Нормальный человек должен в такой ситуации сказать: — «Ой!», и быстренько бросить топор на землю. Потому что люди кругом, можно уязвить кого-нибудь. Но сержант Советской Армии, охреневший на Зубе Дракона от Зуба Дракона сказал: — «Ага, бля!». И поднял следующий патрон с расклёпанным «трассером».
А дальше в окрестностях начал, как говорится, «раздаваться топор дровосека»:
— Тук-тук-тук! Бах!!! Дз-з-з-з-з!
— Тук-тук-тук! Бах!!! Дз-з-з-з-з!
Весёлый прикол продолжался до тех пор, пока не превратился в грустный.
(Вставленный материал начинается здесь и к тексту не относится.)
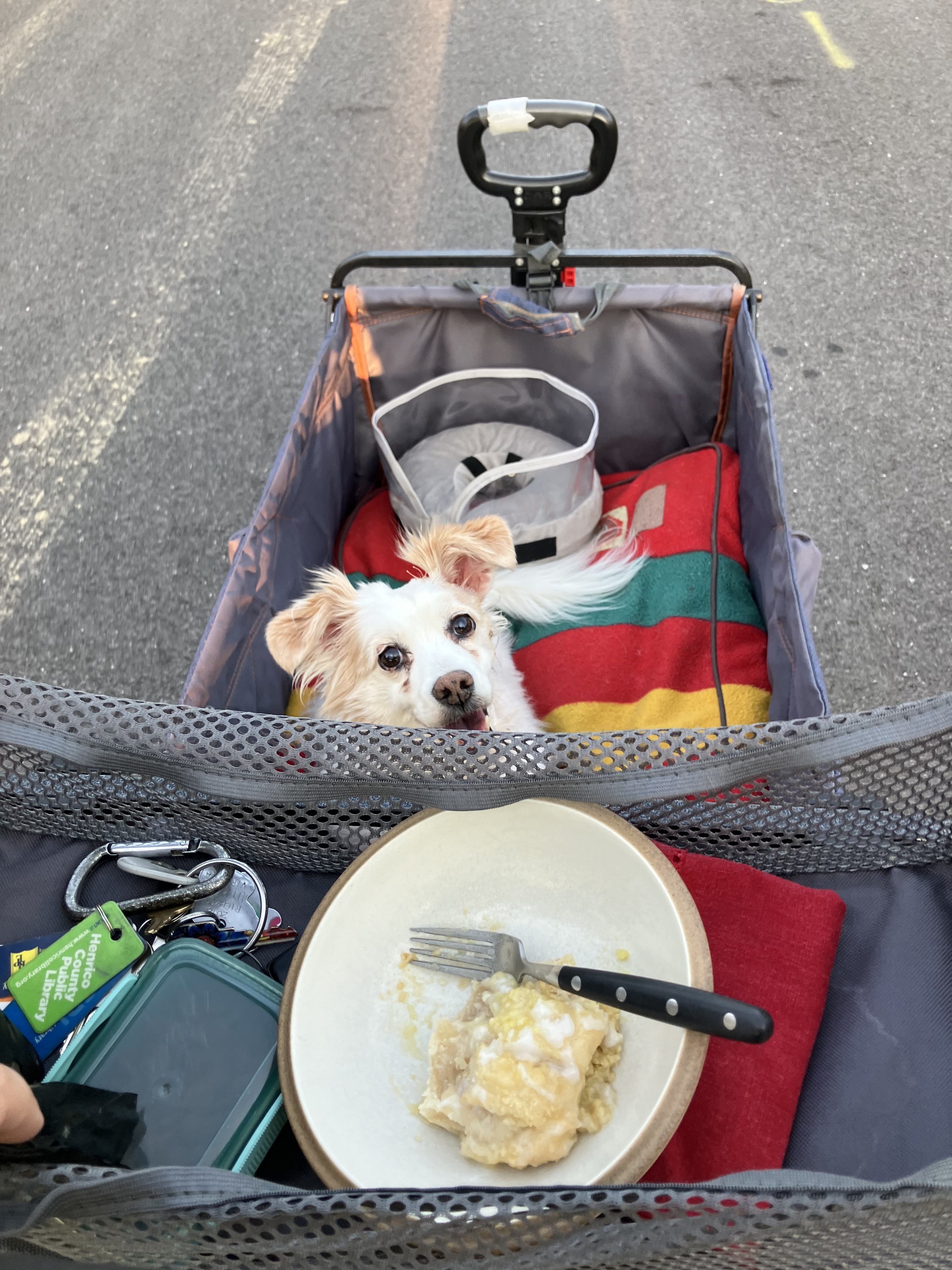 Pushing puppy around this evening while I eat a cheese danish. If there were ever neighborhood allegations of me being too normal, they would never stick 🫨👋
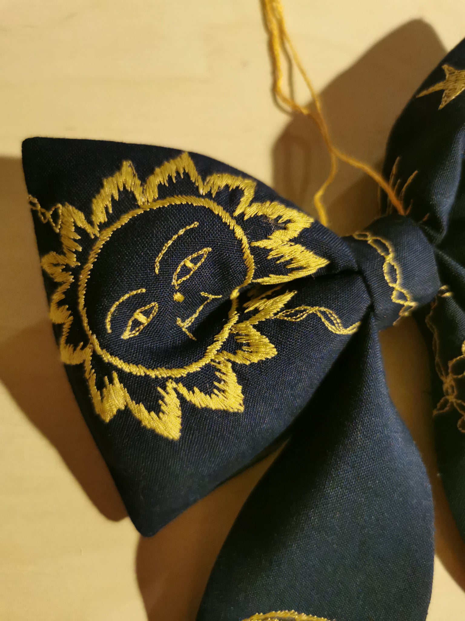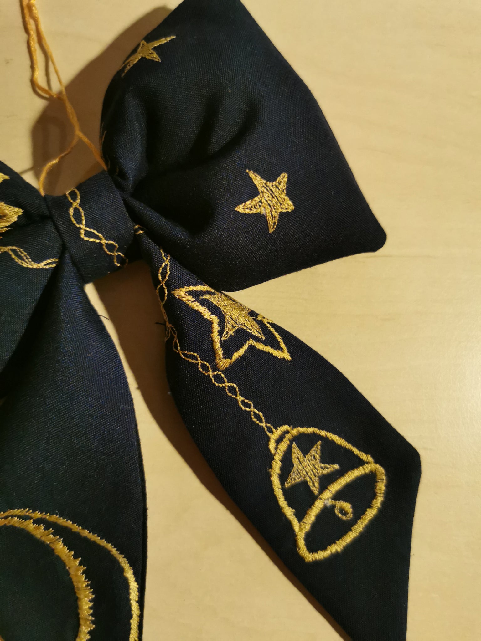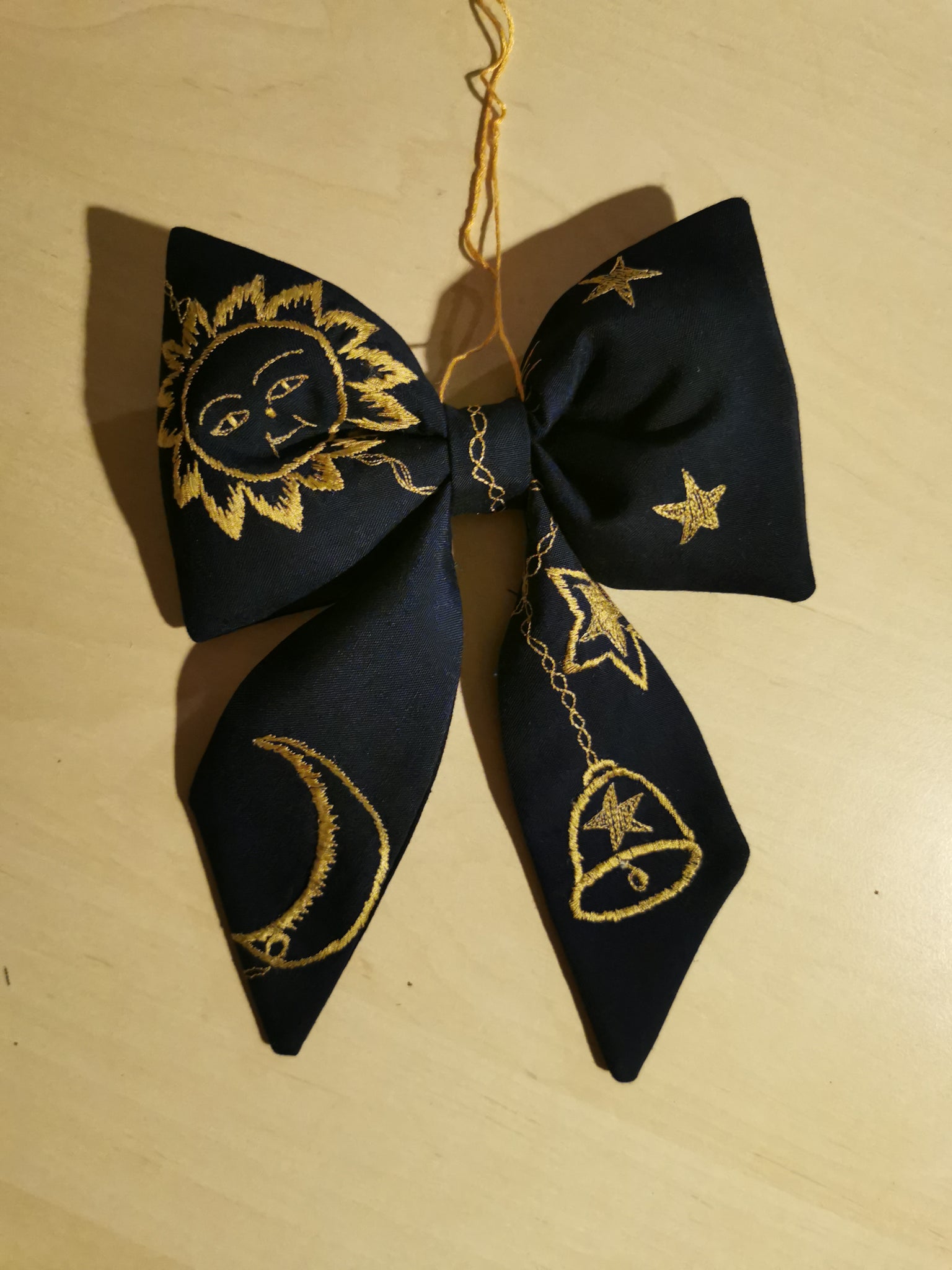 En fin sløjfe til ophæng syet af af detaljeret broderet vintagestof. Baggrundsfarven er midnatsblå med fine guldbroderier på.
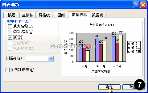 2. 進入“數據標志”選項卡,勾選“值”復選框,可以在右邊的預覽框中查看具體效果(圖 7)。
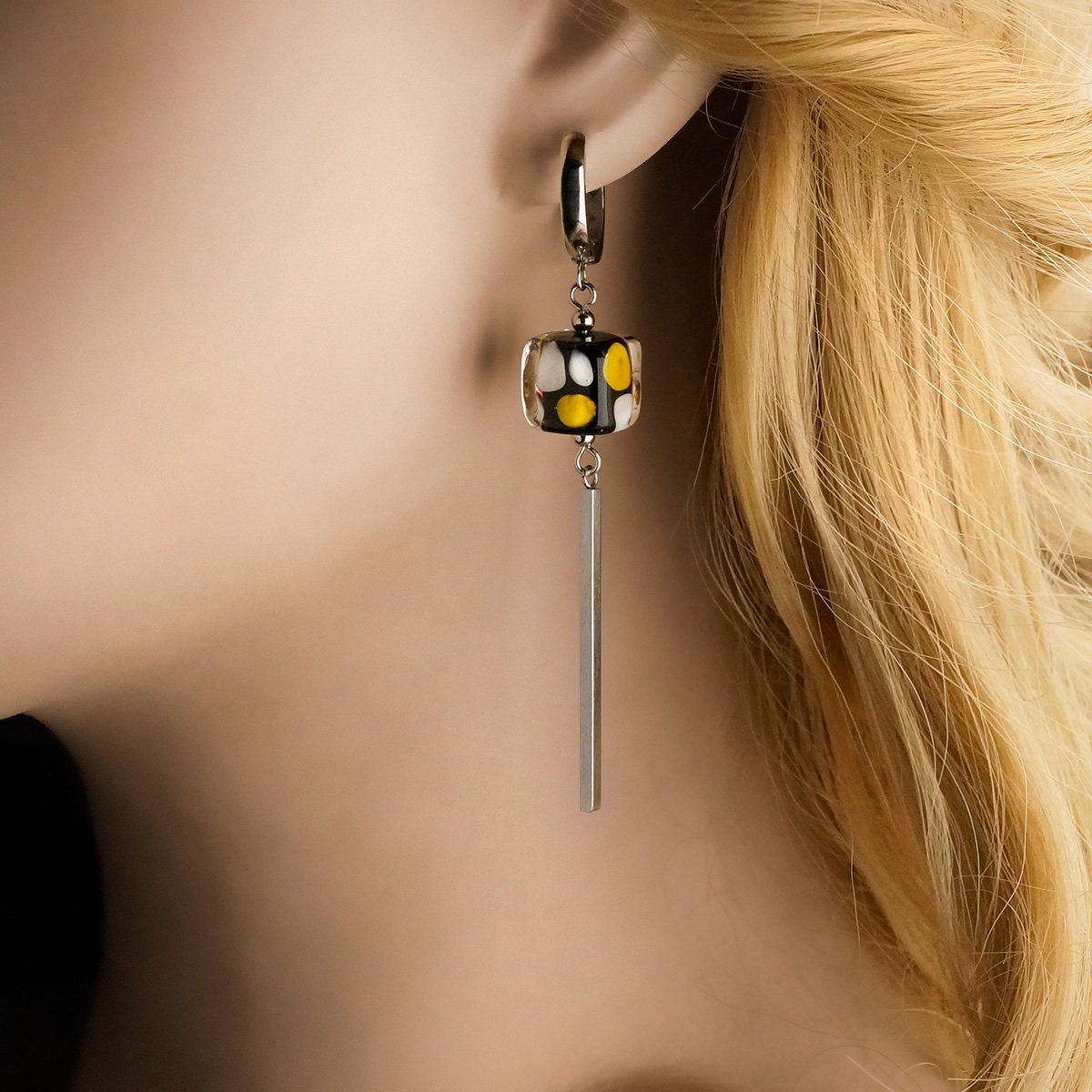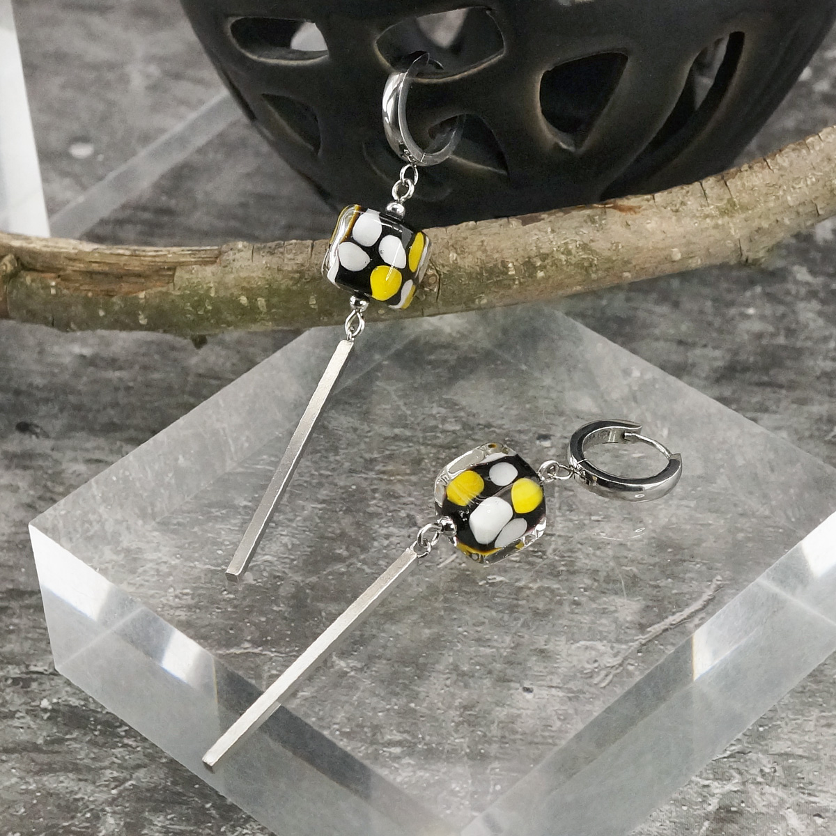 Серьги изготовлены из муранского стекла и гипоаллергенной ювелирной стали, что очень важно для людей с чувствительной кожей. Металл не темнеет и не подвергается воздействиям окружающей среды, надолго обеспечивая красивый внешний вид изделия. Длина серег - 7 см. Диаметр стеклянных кубов - 1.  Вес обеих серег - 20 гр.
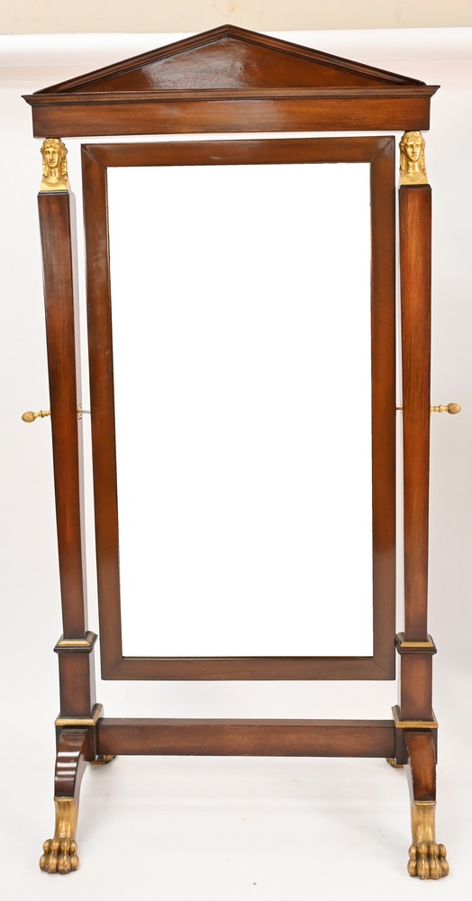 French Empire Style Mahogany Cheval Mirror, having pediment and bronze two-sided female faces, all set on square posts ending in gold painted claw feet, height 81 inches, width 45 inches.
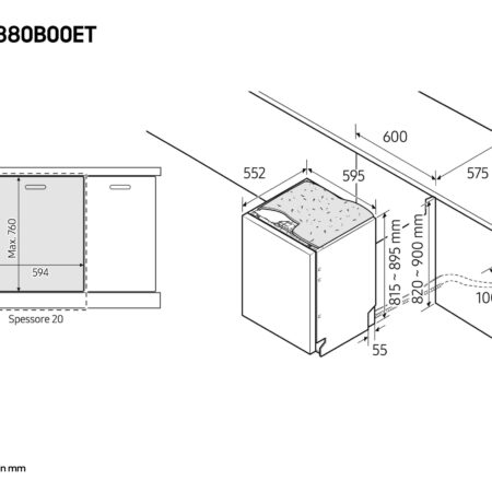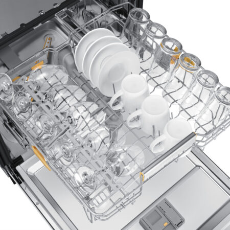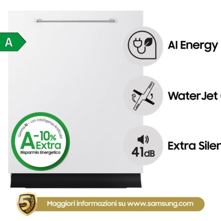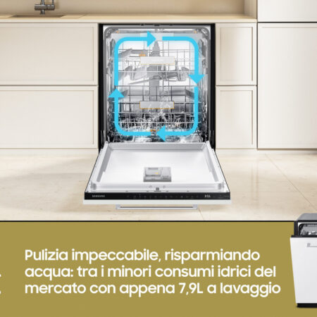 Samsung DW60CG880B00ET. Apparaatplaatsing: Volledig ingebouwd, Productafmeting: Volledige grootte (60 cm), Soort bediening: Touch. Aantal couverts: 14 couverts, Geluidsemissieklasse: B, Geluidsniveau: 43 dB. Energie-efficiëntieklasse: A, Waterconsumptie per cyclus: 7,9 l, Energieverbruik per 100 cycli: 49 kWu. Breedte: 595 mm, Diepte: 552 mm, Hoogte: 815 mm. Breedte verpakking: 670 mm, Diepte verpakking: 660 mm, Hoogte verpakking: 882 mm
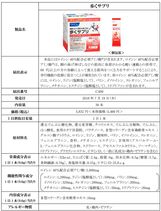 株式会社ファンケルは 7 月 19 日(木)から、いつまでも元気に歩きたい方におすすめの機能性表示食品「歩くサプリ」(30 日分:5,832 円<税込>)を通信販売と直営店舗で新しく発売し……
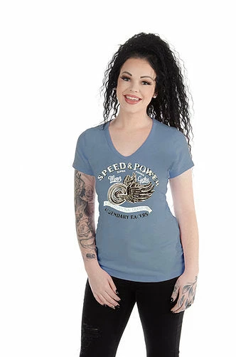 Liberty Wear for Ladies’, Speed & Power, is a short sleeve v-neck with rhinestone embellished speed and power graphic.
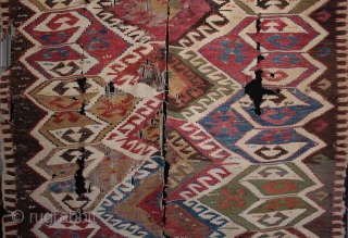 One of my finds from June spent traveling in Turkey, an early Karakelcili kilim with beautiful colours from natural dyes with a more varied palette than seen in most later kilims of the type. Unusual asymmetric rendition of classic Karakecili guls with cicim embroidered s hook and other motifs. In original condition, structurally sound with a square in the lower right panel cut out, holes, loss to borders and some corroded weft as visible in the photos. The kilim would benefit from being mounted on linen. Size 238cm x 150cm.
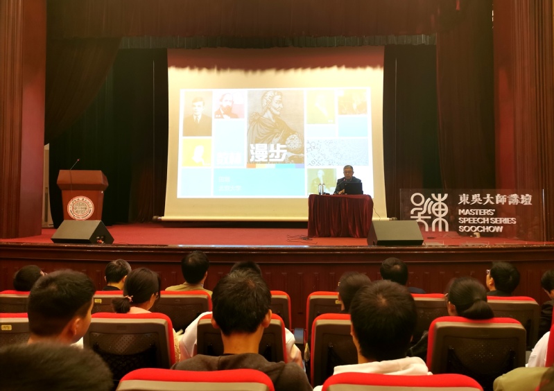 10月22日中午,“东吴大师讲坛”第六讲在天赐庄校区敬贤堂举行。中国科学院院士、北京大学讲席教授、北京国际数学研究中心主任田刚应邀带来题为“漫步数林”的报告。现场座无虚席,我校近400名师生聆听了精彩报告。讲坛由数学科学学院院长张影教授主持。
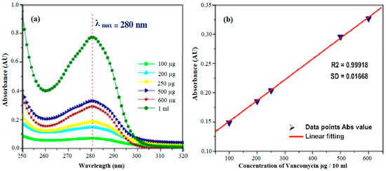 Therefore, using a UV-visible spectrophotometer, a known concentration of (2–10 mg/mL) vancomycin was scanned.

Очередной капсюль угодил мне в кисть правой руки аккурат между средним и безымянным пальцами.
Хорошо, что не в глаз, ибо удар был настолько сильный и болезненный, что я начал приплясывать и завывать от боли. Пёс Душман задрал голову в сторону подпёртой доской масксети и принялся завывать вместе со мной. В приступе вокального экстаза я замахнулся сапожищем, решил дать пинка, как собаке, чтобы не дразнилась, чума хвостатая. Но спецназовцы начали стыдить меня:
— Да как ты мог! Душман тебе сопереживает!
Пока я выл и прыгал под масксетью, Манчинский метнулся на Вторую точку за перевязочным пакетом. Он выскочил через бойницу АГСа и понёсся вдоль скалы к окопу Бендера, схватил там ИПП, побежал обратно тем же путём. Бежал-бежал, торопился-суетился, в результате грохнулся. Да не просто грохнулся, а поехал на пятой точке по склону до кучи пустых консервных банок, влетел в них. Банки покатились. Манчинский на этом «роликовом подшипнике» преодолел метров десять вниз по склону, как положено, с грохотом, звоном банок и русскими матюгами. А пёс по имени Душман в это время сопереживал мне и скулил во всё собачье горло под масксетью. Хоть бы фамилию спросил, кто там, за бруствером хулиганит, тоже мне, сторож!
Манчинский кое-как остановился на гадских банках, чуть на минное поле не выкатился. Поднялся, отряхнулся, выматерился пуще прежнего и начал подниматься на пост.
Пёс по имени Душман проигнорировал и это движение.